[THE DATA]
══════
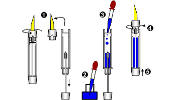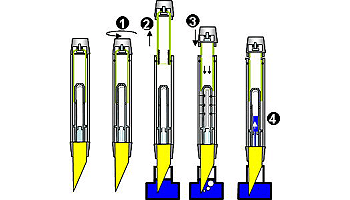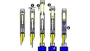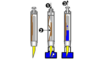 | 尻軸を回すと、ペン芯内部から、管がせり出し、さらに、尻軸を引き、押し戻すとラバーサックが押し潰されその復元力でインクを吸い上げる。多くのシール部品を必要とするが、首軸、ペン先をインクに浸ける必要が無いためインクが付着しにくいメリットがある。シェーファーの固有技術。 | |
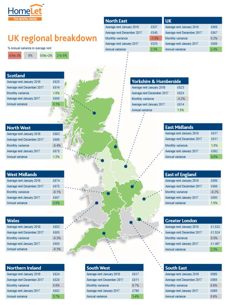 Figures from HomeLet showed a 2.4% rise in rents for the UK as a whole in January 2018 compared to the same month a year before.
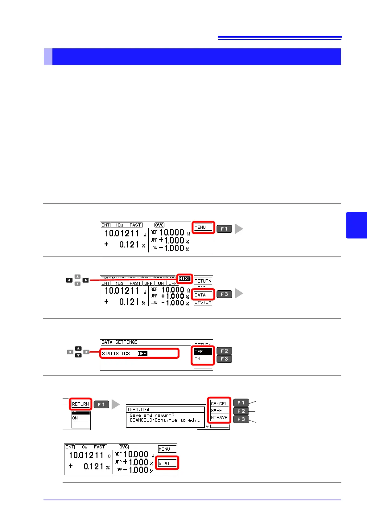When statistical calculation is enabled, F3 [STAT] appears
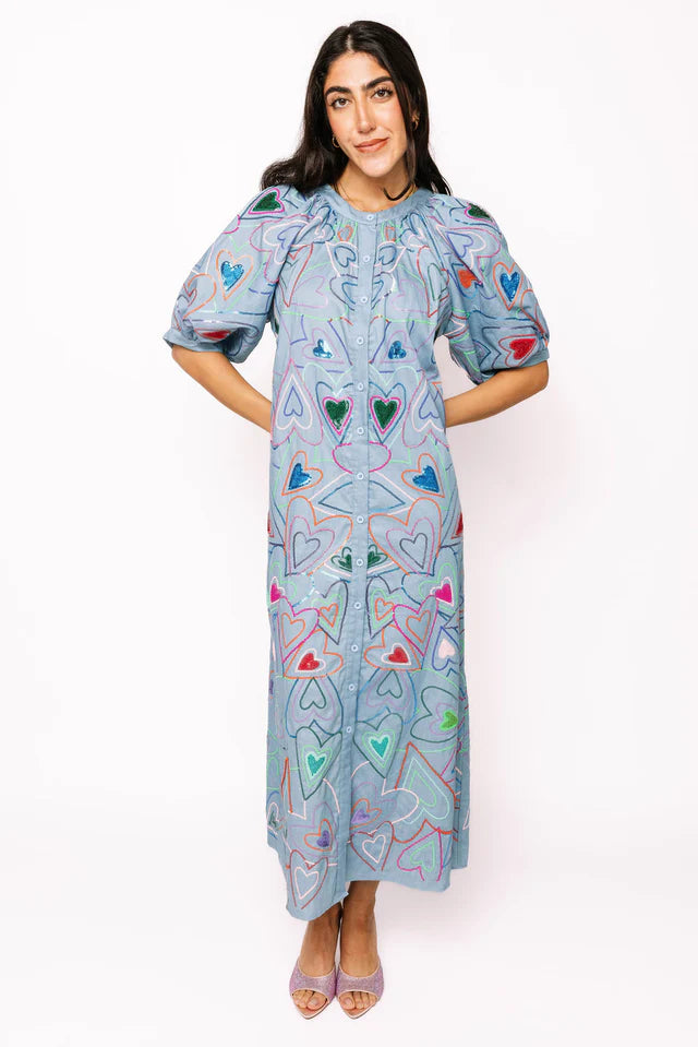 The Hampton Dress in Peach Jubilee is a playful yet polished statement with a distinctly feminine spirit. Designed with an easy, relaxed shape, this style features a mandarin-style collar, puff sleeves, and an asymmetrical layout that creates visual interest and movement. Peach Jubilee showcases a vibrant mix of patterns, rendered in a luxe jacquard that offers soft structure and a subtle glow. Lighthearted and confident, this dress strikes the perfect balance between flirty charm and elevated design.
══════
[THE TASK] Set the material above down again word for word. Include none of its pictures.

[TASK RESULT]
 | 尻軸を回すと、ペン芯内部から、管がせり出し、さらに、尻軸を引き、押し戻すとラバーサックが押し潰されその復元力でインクを吸い上げる。多くのシール部品を必要とするが、首軸、ペン先をインクに浸ける必要が無いためインクが付着しにくいメリットがある。シェーファーの固有技術。 | |
 Figures from HomeLet showed a 2.4% rise in rents for the UK as a whole in January 2018 compared to the same month a year before.
When statistical calculation is enabled, F3 [STAT] appears
 The Hampton Dress in Peach Jubilee is a playful yet polished statement with a distinctly feminine spirit. Designed with an easy, relaxed shape, this style features a mandarin-style collar, puff sleeves, and an asymmetrical layout that creates visual interest and movement. Peach Jubilee showcases a vibrant mix of patterns, rendered in a luxe jacquard that offers soft structure and a subtle glow. Lighthearted and confident, this dress strikes the perfect balance between flirty charm and elevated design.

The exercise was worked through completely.